Small trade-off with VM-based bounds checking.
  Not quite deterministic anymore.
  Depending on runtime, program might or might not stop on out-of-bounds store,
    if store is slightly out-of-bounds.

Yet another trade-off suggested by the paper: possible corruption on OOB write.
  Mask the address (cut off the high bits).
  Out-of-bounds write gets the address truncated, overwrites some in-bounds memory.
  Safe; turns unsafe access into a correctness problem.

No memory safety within a module.
  Entirely possible for a C program compiled to WebAssembly to have buffer overflow.
  E.g., corrupt heap-allocated memory region.
  WebAssembly doesn't prevent overflow, so C program could misbehave arbitrarily.
  But does ensure that the WebAssembly code can't affect the rest of the system.

Why is value type checking important?  (i32 vs i64)
  Compiler may want to know if a value might be limited to 32 bits.
  Allows some optimizations like loading/storing memory locations.

Why is function type checking important?  (How many arguments does a function take?)
  WebAssembly function can access (and modify) arguments.
    They are just like local vars.
  Thus, wasm function can modify some number of runtime stack locations,
    depending on how many arguments it declares itself as taking.
  Need to make sure the caller gave us enough arguments on the stack.
    Otherwise function can read/write other items on runtime stack!
    Could be some native return address, which would be bad.

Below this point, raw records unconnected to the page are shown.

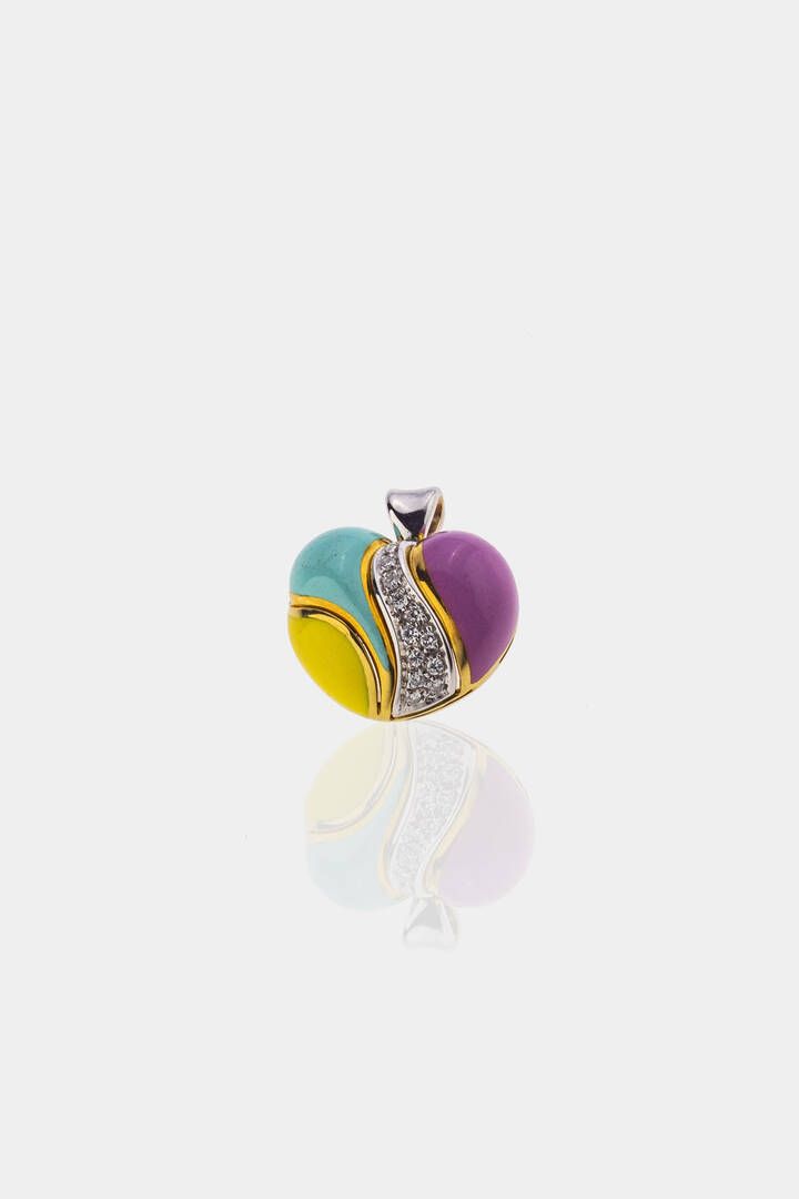 Peso gr 7 9 in oro bianco a forma di cuore con smalti policromi e piccoli diamanti [..]
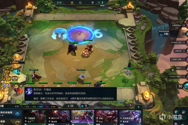 来到3-2阶段,我们已经6连败,血量在50+。这时候通常上6人口,我们还能有45-65金币,开始大D卡。
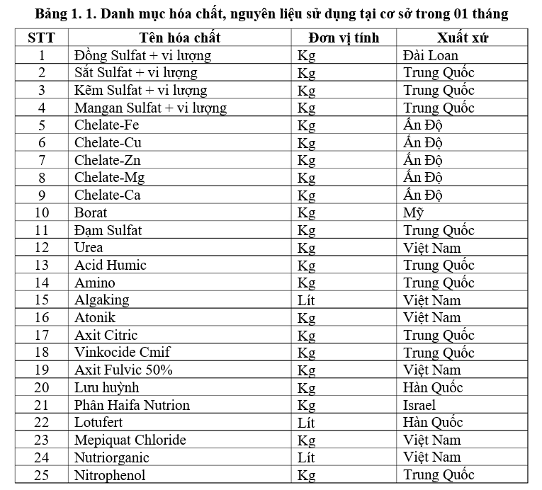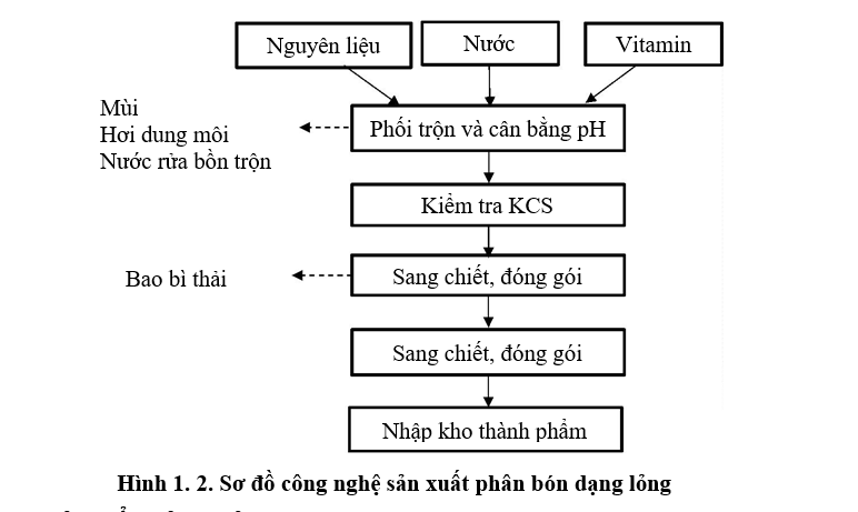 Nguyên liệu (gồm các vi lượng dạng Chelate Sắt, Chelate đồng, ure, acid humic) và vitamin sau khi mua về sẽ được cân, định lượng theo tỷ lệ nhất định và ứng với mỗi loại sản phẩm phân bón hữu cơ hay vô cơ sẽ có tỷ lệ pha trộn khác nhau, sau đó được cho vào bồn phối trộn (bồn trộn bằng Inox 1000L khuấy trộn tự động), quá trình di chuyển, cân, đong các nguyên liệu đều làm thủ công. Do độ hoà tan của từng loại hóa chất khác nhau với khối lượng hoá chất khác nhau và thời gian trộn sẽ dao động (30 phút – 60 phút). Sau khi phối trộn sẽ được cân chỉnh pH (bằng dung dịch NaOH hoặc acid citric) sao cho pH= 7 bằng thiết bị đo pH kế trước khi chuyển qua bồn khuấy trộn ổn định bằng hệ thống đường ống kín. Sản phẩm thành phẩm sẽ được đưa qua hệ thống đường ống vào máy chiết rót nước lỏng sử dụng áp thủy lực bán tự động. Từ đây sản phẩm sẽ được đóng gói, chiết rót vào chai và chuyển sang khâu dán nhãn, đưa vào kho chờ xuất hàng, quá trình này được thực hiện bởi các công nhân từ khâu đóng gói, đóng chai, dán nhãn đến vận chuyển vào kho. Sản phẩm bán thành phẩm trước khi đưa vào hệ thống ống để chuyển vào máy chiết rót thì bộ phận KCS sẽ tiến hành lấy 3 mẫu để lưu kho (1 mẫu để lưu kho, 2 mẫu gửi đi phân tích tại các trung tâm phân tích có chức năng do nhà nước qui định).
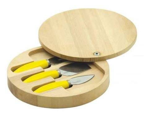 Ideal para servirDesign e praticidadeSeu principal diferencial é a praticidade de uso, sendo muito versátil em todosos momentosConjunto para queijo em madeira maciça curupixáUtensílios em aço inox com cabos de madeira tingidos na cor amarelo bandeiraAcabamento envernizado que proporciona uma camada protetora em verniz incolorrealça sua tonalidade concedendo brilho e um toque mais liso ao produtoProteção antibacteriana MICROBAN
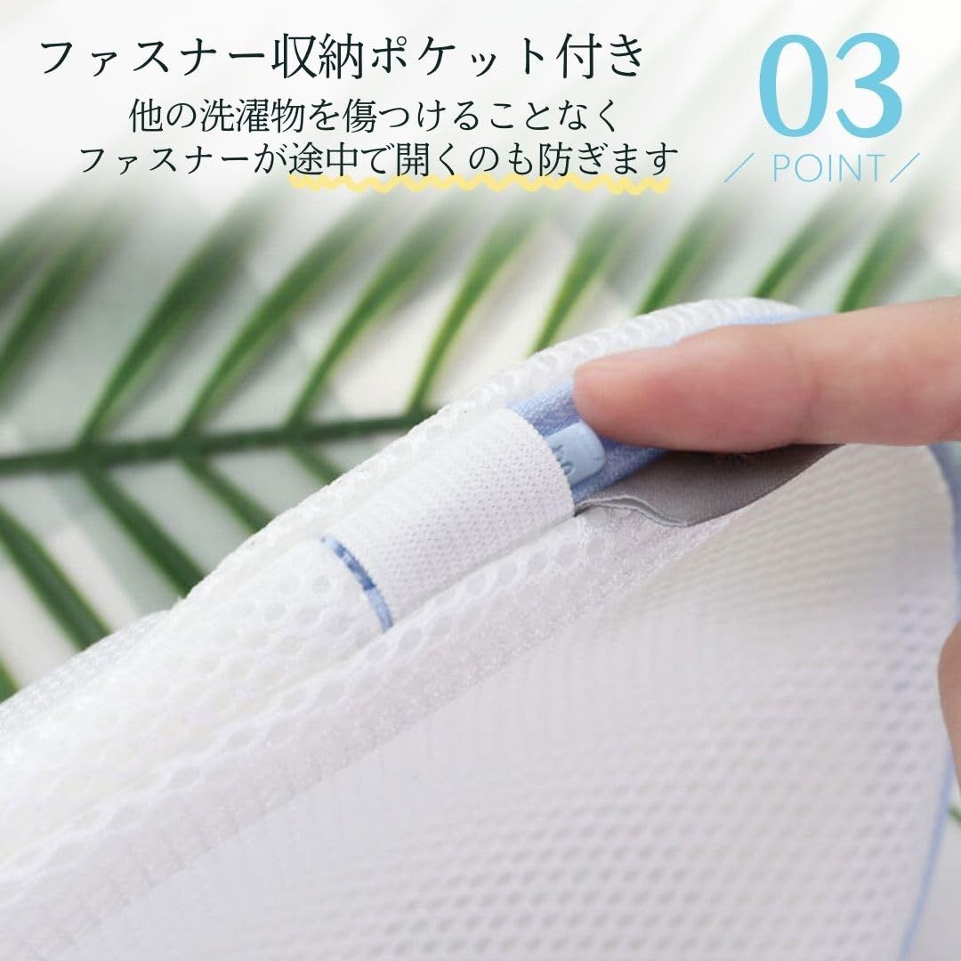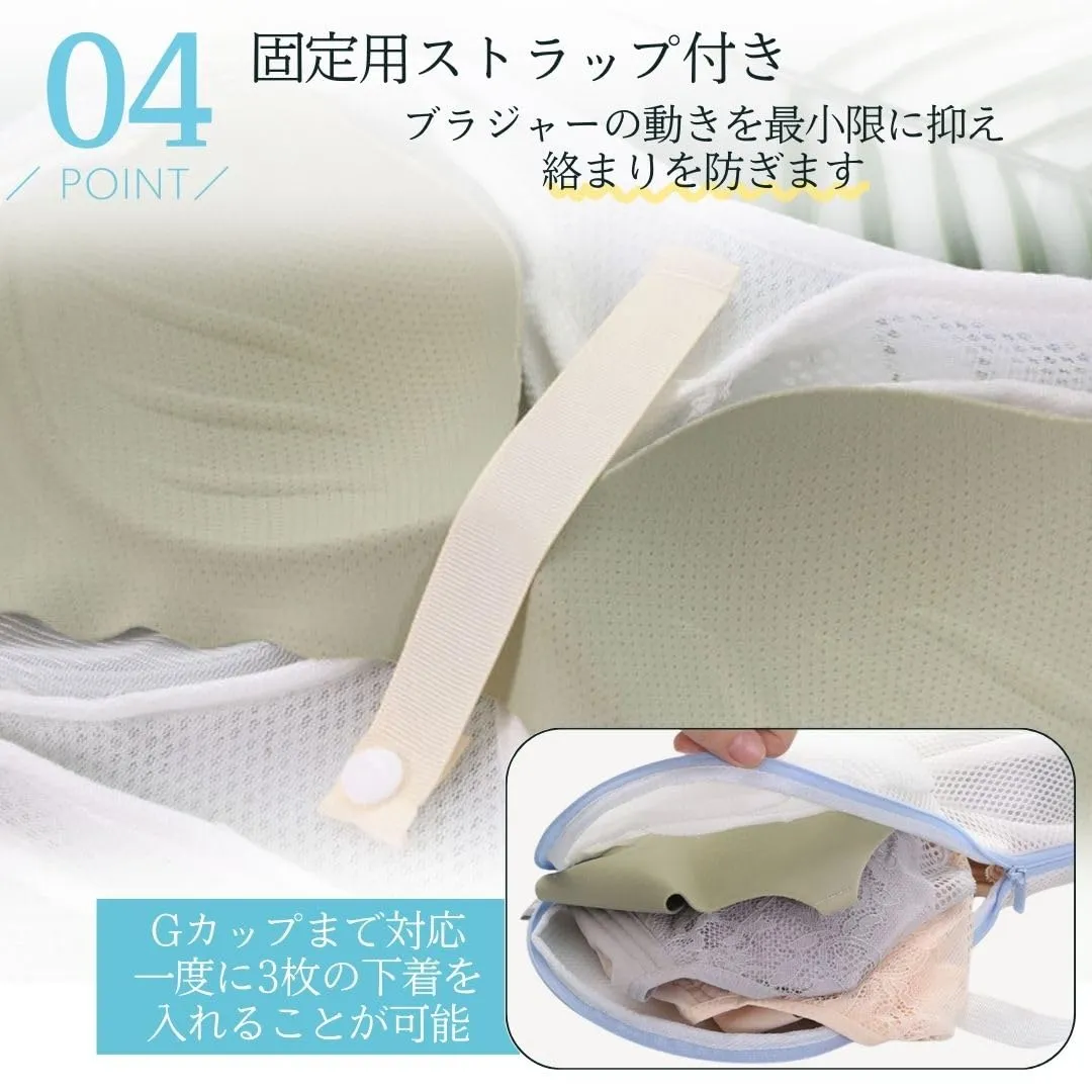 【洗濯中のトラブルフリー】内側に固定用ストラップを装備したこの洗濯ネットは、ブラジャーが内側に回り込んで絡まるのを防ぎ、しっかり保護します。ファスナーは角が丸いプラスチック製で、洗濯物に引っかかりにくい設計。さらにファスナー収納ポケット付きで、他の洗濯物を傷つけることなく、ファスナーが途中で開くのも防ぎます。
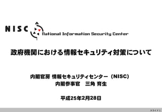 本講演では、我国の情報セキュリティ戦略、サイバー攻撃の最近の傾向、昨今のサイバー攻撃事案の事例の紹介、NISCが推進する政府機関、地方公共団体や、その他重要インフラにおけるセキュリティ対策の詳細についてご説明します。 内閣官房情報セキュリティセンター 内閣参事官 三角 育生(みすみ いくお)氏
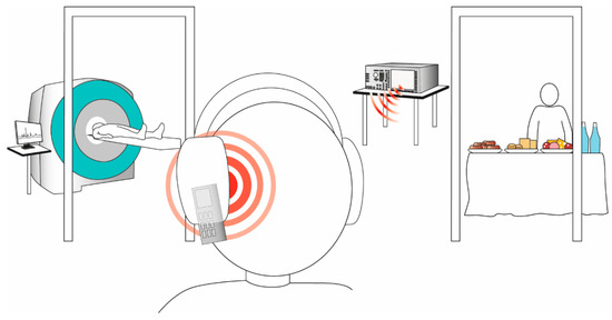The study was performed in a randomized, sham-controlled, single-blind, cross-over design. Each subject was tested on 3 experimental conditions for 25 min of exposure (mobile phone 1, mobile phone 2, and sham) spaced at least two weeks apart. On the days of experimental testing, participants reported to the Department of Neuroradiology at 6:30 a.m. after fasting for at least 12 h. To ensure that all participants were fasting at the start of the measurements, blood glucose levels were determined. No participants showed statistically significant differences in their fasting blood glucose levels (p = 0.322). One cannula was inserted into an antecubital vein for blood sampling of glucose, insulin, and C-peptide as known factors influencing glucose metabolism and appetite regulation. Thereafter, a baseline 31phosporus magnetic resonance spectroscopy (31P-MRS) sequence was recorded. Subsequently, participants were exposed to 5 min of sham/mobile phone radiation as described below. Immediately after this exposure, one 31P-MRS sequence was recorded to encompass potential direct effects of mobile phone exposure on brain energy metabolism. Thereafter, participants were exposed to additional 20 min of mobile phone or sham radiation. The duration of the exposure time was chosen regarding realistic and feasible aspects. Furthermore, studies are already available that provide guidance on appropriate stimulation times for anodal transcranial direct current stimulation in the context of high energy phosphates and food intake [30,31,32]. Subsequently, a series of 5 continuous 31P-MRS sequences was started. At 8:30 a.m., a standardized breakfast buffet [25,33] was offered from which participants were allowed to eat ad libitum during the subsequent 40 min. Participants were not informed about the actual purpose of the study to prevent them from putting a focus on food intake. Instead, they were told that the main intention of the study was to investigate the effects of mobile phone usage on cerebral energy metabolism. Thereby, participants were kept unaware of the hypothesized effects on food intake behavior and did not realize that their individual food consumption was quantified by weighing buffet components before and after the meal. To avoid overeating, participants were allowed to take with them any remaining food after final food weighing. Blood samples were obtained at baseline, at the end of the first mobile phone/sham phone exposure, at the end of the following spectroscopy recording, at the beginning and the end of the 20 min of mobile phone/sham phone exposure, at 10 min intervals during the 5 continuous spectroscopy sequences, and before and after the buffet test. Schematic illustration of the laboratory setting (Figure 1).

How to achieve control flow integrity?
  Direct jumps: compiler ensures the native jump goes to proper compiled code.
  Function calls: set up the stack in the way the target function expects.
    Namely, args + return address should be at the bottom of the stack after call.
    Type safety for function types ensures we put the right number of arguments.
  Indirect function calls: table of jump targets.
    Compiler ensures that all jump targets are valid functions.
    WebAssembly call_indirect emits native code to jump to some function from table.

rWasm runtime: compile wasm module to Rust code.
  Demo:
    git clone https://github.com/secure-foundations/rWasm
    cd rWasm
    cargo run ~/demo/lib.wasm
    wasm2wat ~/demo/lib.wasm
    cat generated/src/lib.rs
    [[ look at the implementation for add: func_2 ]]
    [[ look at the implementation for memwrite: func_5 ]]
    [[ look at memory_accessors: Rust's slice &[u8] checks bounds in get/get_mut ]]

    cargo run -- --wasi-executable ~/demo/main.wasm
    ( cd generated && cargo run )

  Cool trick of using Rust guarantees.
    All generated code is "safe" Rust, meaning should be impossible to have OOB accesses.
    Compiler should ensure the code is sandboxed properly.
  Nice to be able to see how the wasm runtime is working, by examining generated Rust.
  Compilation times are prohibitively slow compared to other runtimes.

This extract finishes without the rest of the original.